Shenkman Law
Cautionary Tale Highlighting the Importance of Defensive Estate Planning Practices
This article was originally posted on Steve Leimberg’s Estate Planning Email Newsletter as Archive Message #2979.
Raia v. Lowenstein Sandler, LLP – Thoughts on a Recent Malpractice Case, addressed how Raia served as a catalyst for discussions among advisors regarding a variety of considerations that planners and advisors might wish to consider when engaged in the representation of estate planning clients. Wellin v. Nixon, Peabody, LLP: Case Lessons on Defensive Practice reinforced the importance of estate planners reviewing practices, procedures and other considerations when engaged to assist clients with regard to the creation and implementation of a client’s planning desires. The issue in the Wellin decision was limited in scope to a determination of whether the statute of limitations should bar the claims alleged.
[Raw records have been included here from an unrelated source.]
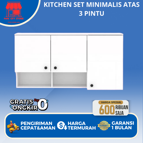 KITCHEN SET MINIMALIS ATAS 3 PINTU Rak Dapur Lemari Dapur Rak Penyimpanan Microwave Oven Serbaguna Susun Piring Wastafel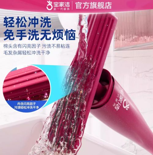 推荐产品:宝家洁欧科棉拖把、宝家洁迷你欧科棉拖把核心材质:PVA 胶棉 / 欧科棉,高密度微孔结构核心优势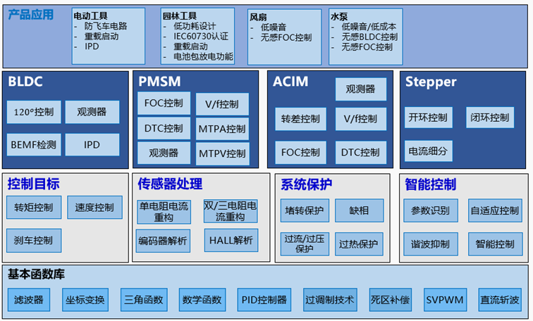 4.分層設(shè)計的軟件架構(gòu),豐富且成熟的電機(jī)算法庫,降低開發(fā)設(shè)計難度及技術(shù)門檻。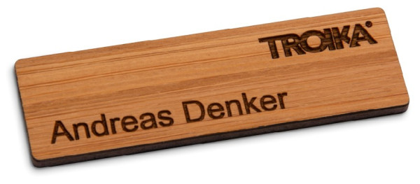 Holz-Namensschilder sind ideal, um einen „natürlichen“ Eindruck zu machen und einzigartig im Auftritt durch die individuelle Maserung des Naturmaterials. Das Namensschild Lignum | Comfort im dezenten Format 60x20 mm wird individuell mit Logo und Namen lasergraviert. Material: Kirsche, weitere Holzarten (Ahorn, Bambus, Birke, Walnuss) sind erhältlich. Das Holz-Namensschild ist mit einer kleiderschonenden Magnet-Befestigung ausgestattet und sofort einsatzbereit. Format- und Befestigungsalternativen sind verfügbar.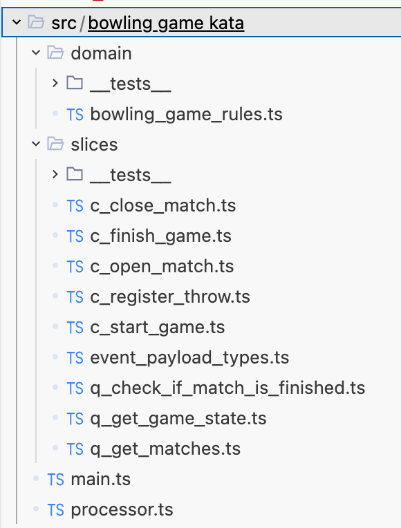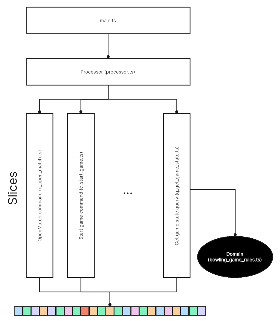 Some slices (queries, to be precise) are not self-sufficient. They call domain functions in a separate module, e.g. for calculating the current game score. All domain functions are pure functions.
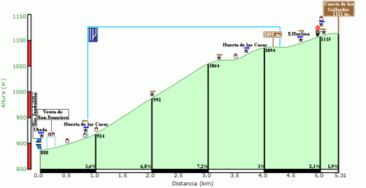 El cuarto es la cuesta de los Gallardos o Puerto de Zamora, con APM 41, son 5,31 km al 4,38% de media y desnivel 233 m.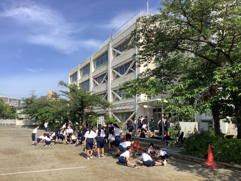 また、放課後練習では、1年生が全員リレー、3年生が大むかでや大縄跳びに取り組みました。生徒が主体となって進めることができました。
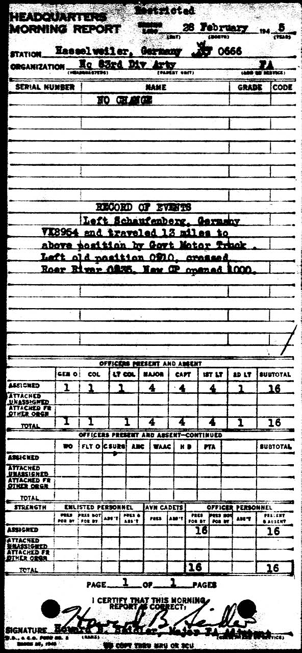 Left Schauffenberg, Germany vK8954 and traveled 13 miles to above position by Govt Motor Truck. Left old position 0910, crossed Roer River 0935, New CP opened 1000.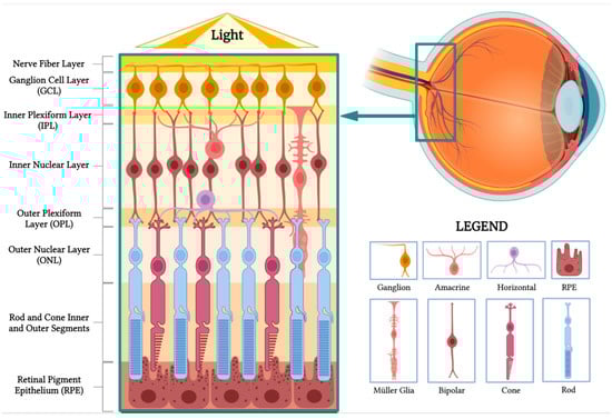 Retinal anatomy. The illustration highlights the different layers of the retina and its main cell types. (BioRender, https://app.biorender.com/, accessed on 16 February 2023).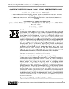 Dunia arsitektur sedang mengalami sebuah tekanan terkait hasil karya dari para arsitek yang secara kuantitas sudah banyak namun dinilai kurang secara kualitas. Hal ini disebabkan karena dalam proses desain yang dilakukan oleh arsitek ditemukan gap yang cukup lebar antara konsep dengan praktek perancangannya. Oleh karena itu banyak arsitek yang mulai melirik dunia digital terutama augmented reality sebagai media yang dapat membantu proses mendesain. Augmented Reality memang memiliki kelebihan dalam menyajikan visual 3D yang sangat berguna bagi dunia arsitektur yang juga bermain dengan visual . Namun hingga sekarang augmented reality masih hanya diaplikasikan sebagai media informasi digital pada bangunan yang telah terbangun. Padahal jika melihat perkembangannya teknologi ini mampu untuk bermanfaat lebih dari itu. Sehingga tujuan dari penelitian ini adalah menganalisa dan mengindikasikan potensi penggunaan augmented reality pada proses desain seutuhnya. Metode yang digunakan adalah literature review dengan mencari literatur yang relevan kemudian melakukan sintesi analisanya. Dan pada akhir penelitian ditemukan bahwa augmented reality tidak hanya berfungsi sebagai media informasi dari hasil desain akan tetapi dapat ditempatkan dalam semua tahapan desain yaitu analisa, sintesis dan evaluasi.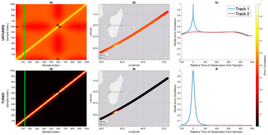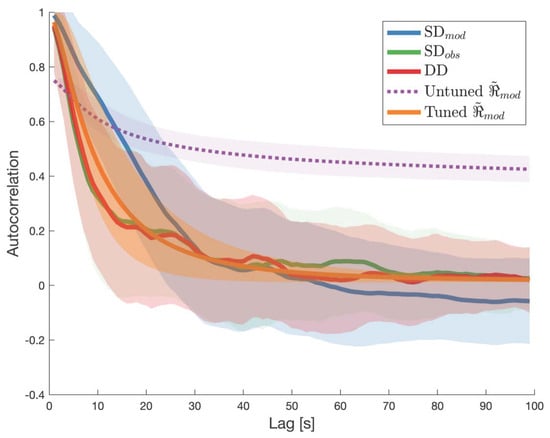 where is calculated using Equation (7), is the lag, and is the total number of lags observed. The quantity is reasonably comparable to the autocorrelation of observed error for a single track of samples. A similar analog can be made for the bulk modeled error autocorrelation , which estimates the autocorrelation behavior of the error model across M tracks:

But Wellin also identified issues concerning potential implications resulting from the claimed failure to properly identify, address and potentially have clients waive, inter-generational and spousal conflicts of interest that plaintiffs alleged arose in the course of estate planning. Also, questions were raised as to whether the client was informed of the potential consequences of grantor trusts, and the potential risks of the transaction. Many similar issues are raised in Scott v. Rosen, thereby meriting a further review and analysis of the issues and the potential importance of engaging in defensive estate planning practices.